Yup, narcotic addled mind is in full effect. Back still hurts but I can attain otherwise comfortable positions. The driver that I tortured is in an empty cocoa tin waiting to donate parts to other future builds. I was just barely able to resist pulverizing it with a hammer. My reasoning at the time was that everything I did with that driver was so pathetic that should my skill or luck continue and I took a hammer to it I would likely zing a fragment into my eye and lose the eye. So, nope not looking to fix it. I just replaced it with a FET Zener driver from RMM’s site. It’s a ferocious and ludicrous hand grenade of light. After 60 seconds it should step down from turbo and it very well might but it gets way the hell too hot to hold long before that.

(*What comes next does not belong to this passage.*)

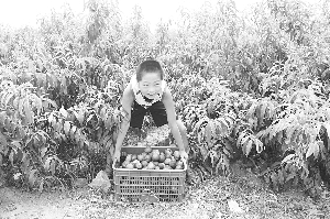 前几日,到某县采访看到道路边一大片油桃林,顿时被眼前的景色迷住了,情不自禁地走了进去。此时正值油桃成熟的季节,红里泛着黄的大油桃,看上去馋的人口水直流。顺手摘下一个大桃子,放在嘴里咬上一口,真是酸酸甜甜爽口极了。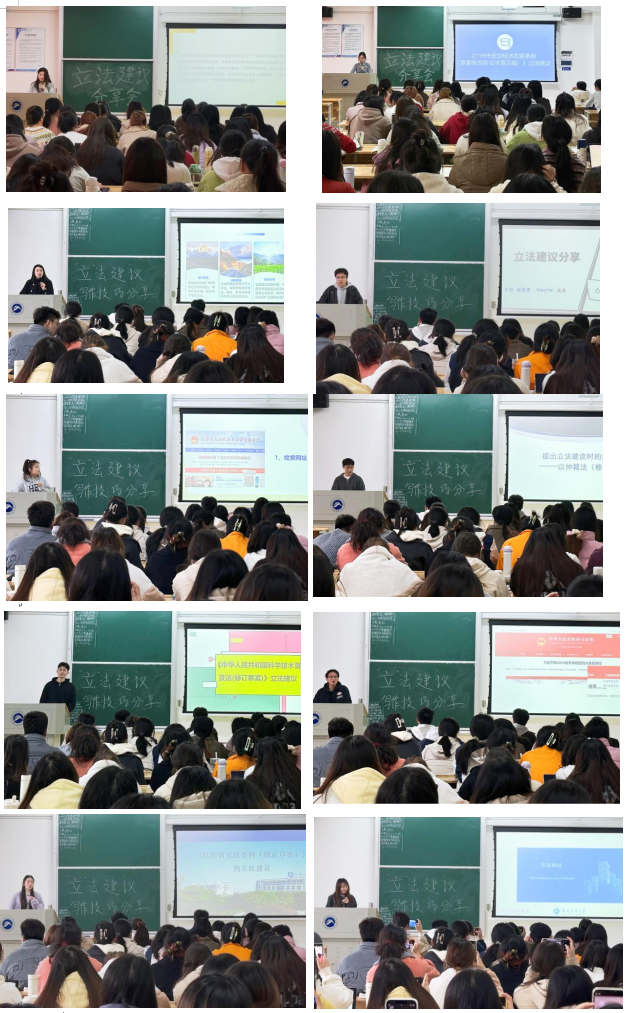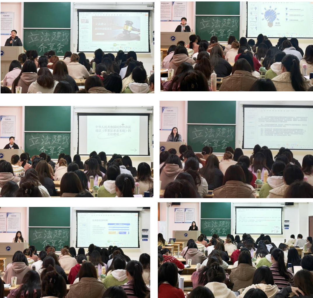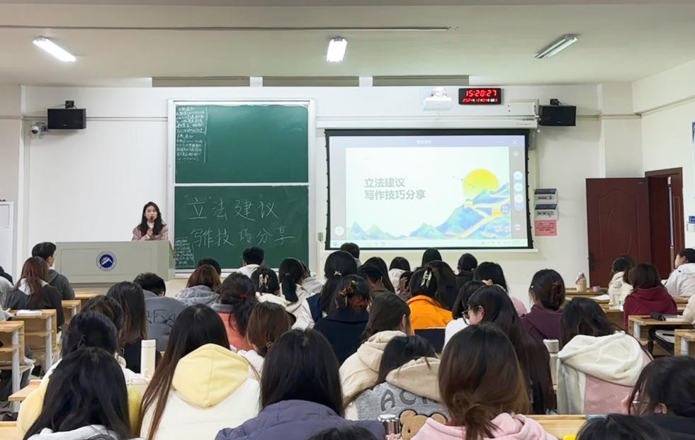 组织了两场立法建议分享会。分享会由立法法任课教师赵筱芳指导,16名研究生进行分享,22级法学1-6班全体本科生参与学习。

The element of danger makes it more cool, sorta.

Illuminaria, if I were to do it again I would get copper discs from Etsy.com.

This would be the best host without a doubt.

Awesome :slight_smile:

This has me curious if there are any 2x18650 tube lights and or how difficult it would be to make an mtg2 heatsink well in a solarforce gladiator

I don’t know of any straight-up-tube lights (head is same diameter as body) that take 2x18650 or 2x18500. There are plenty of opportunities for custom work of course.

In my mind one of the most straightforward custom builds would be to make a head which attached to Solarforce extensions, similar to what dsche has done with his OrthoDogs project. Two 18650 extensions attached to a tailcap leaves space for 2x18700 with about 1 or 2 threads. That's no good, so either use shorter cells or switch to 4x123A extensions. 63.9mm vs 33.6mm of non-nesting tube, so you'd net an extra 6.6mm of battery space. Since there is 10mm or more of dead, unthreaded space on the front of an extension tube you would have that to play with as well as the 5+mm of threaded area that your pill screws into (depending on springs etc). With 15mm you could fit a lot of the light engine inside the head. 5mm for the driver area, between 12 and 20mm for the reflector, then another 1.5mm for the lens, then something to retain that stuff.

At that point you're talking about a pretty long tube light, but it's actually still shorter than a Streamlight Stinger.